Howabsolutelyfanfuckingtastic · 23/03/2022 19:30

@MatildaTheCat

Dear Friend,

It was good to talk today and I appreciate your honesty about the dogs. Unfortunately after some thought I have to tell you I cannot undertake this commitment. It’s beyond my scope by some very considerable distance. I’m sorry this means you will need to make other arrangements but if I’d known the facts sooner I could have discussed it earlier.

I do hope this won’t come between our long friendship.

Love

Goldfinch

I think this is a good way to let them down gently. I think your friend has been very unreasonable not letting you know the facts until now, i think you should definitely say you can't do it. It sounds like a huge commitment and it would be very stressful and tiring. Good luck in whatever you decide.
Wiredforsound · 23/03/2022 19:34

Dear friend,

After our discussions today it has become apparent that I do not have the skills or experience to care for such high needs dogs and I fear the experience would be traumatic for both them and me. I cannot in good conscience come down and try to care for your pets, and would recommend you seek specialist support. Kind regards, etc.

BeHappy91818 · 23/03/2022 19:37

@ComeSailAway

They deliberately lied to the op.

That is a huge assumption. She was asked to dog-sit, that's all we know. Did they sell it as a holiday? Only the OP knows whether these friends are generally honest and respectful. If they are, I would give them the benefit of the doubt.

Even if they didn’t sell it as a holiday I’m sure most people would assume that the dogs could be left for a few hours.

They are saying she can’t leave the house for 2 weeks basically.

godmum56 · 23/03/2022 19:37

@ComeSailAway

Two weeks "trapped" in a lovely house and garden in Devon doesn't exactly sound like hell on earth. Ok they might have been a bit cheeky but I would do it in light of the long friendship and the fact that I'd already agreed. The man is probably desperate to see his family. You can choose to be magnanimous OP. Just revise your expectations—you are working in a different location rather than having a holiday.

By the way, you should never leave a dog alone in a car anyway.

why not?
HoundHound · 23/03/2022 19:40

Would she do the same for you?
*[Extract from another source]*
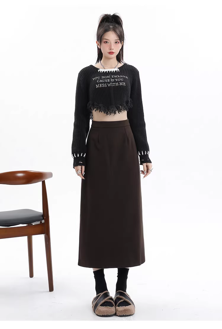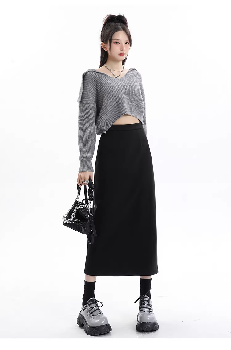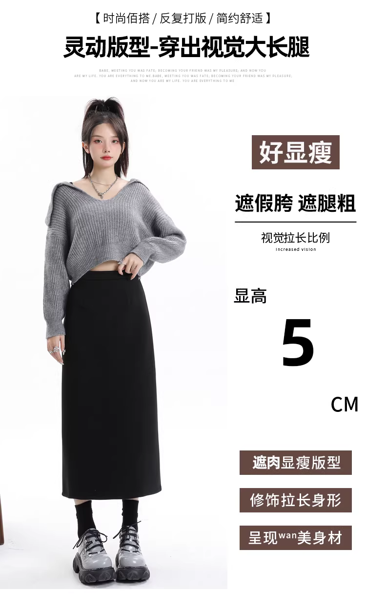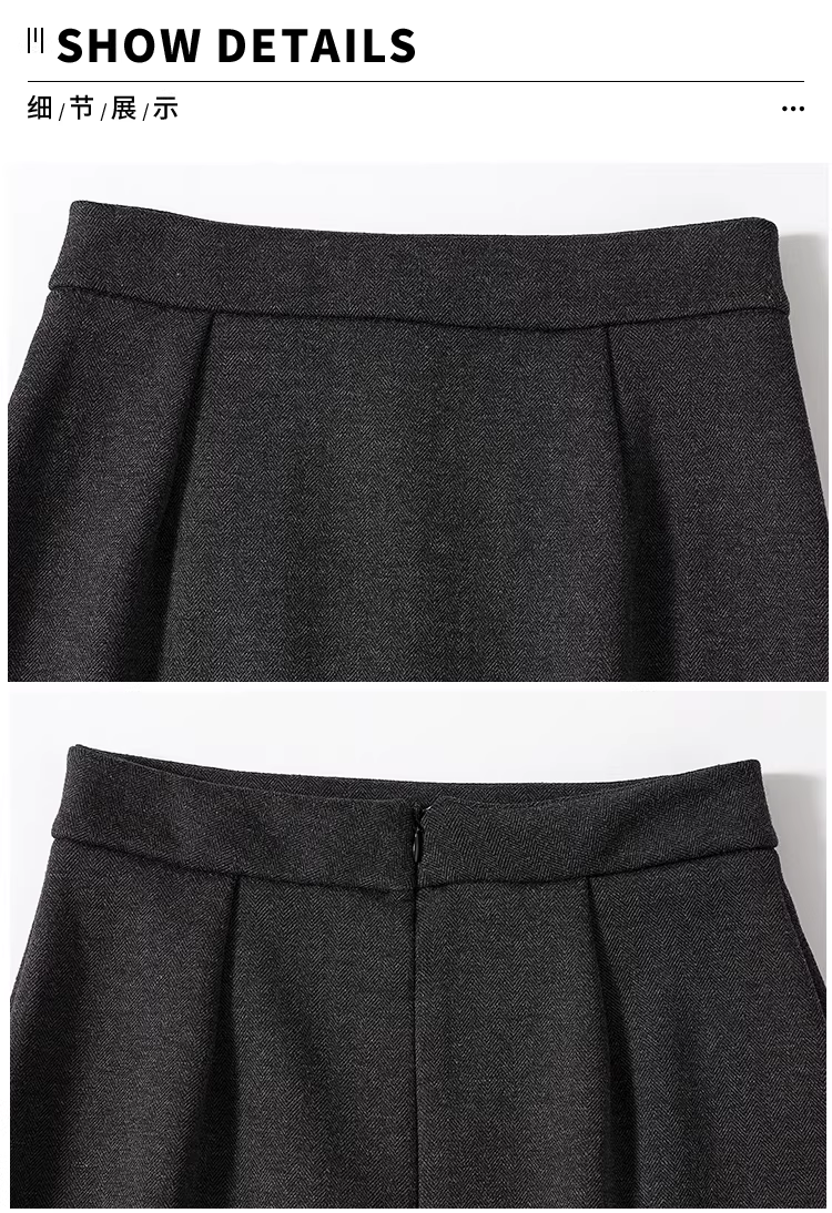 - Váy len lót lông cừu đen La Chapelle dành cho nữ, váy dài ngang đùi xẻ tà cao cấp mùa thu đông 2025

I'm guessing not.

FizzyTango · 23/03/2022 19:40

Surely the glaring issue in this plan is that the dogs don’t know you? Such high needs dogs are not going to tolerate a stranger looking after them???
They are totally UR btw. But I’d go with that excuse. Dogs with separation anxiety and reactivity are most likely going to be unable to cope with you anyway because they don’t know you and it’s therefore not going to be manageable.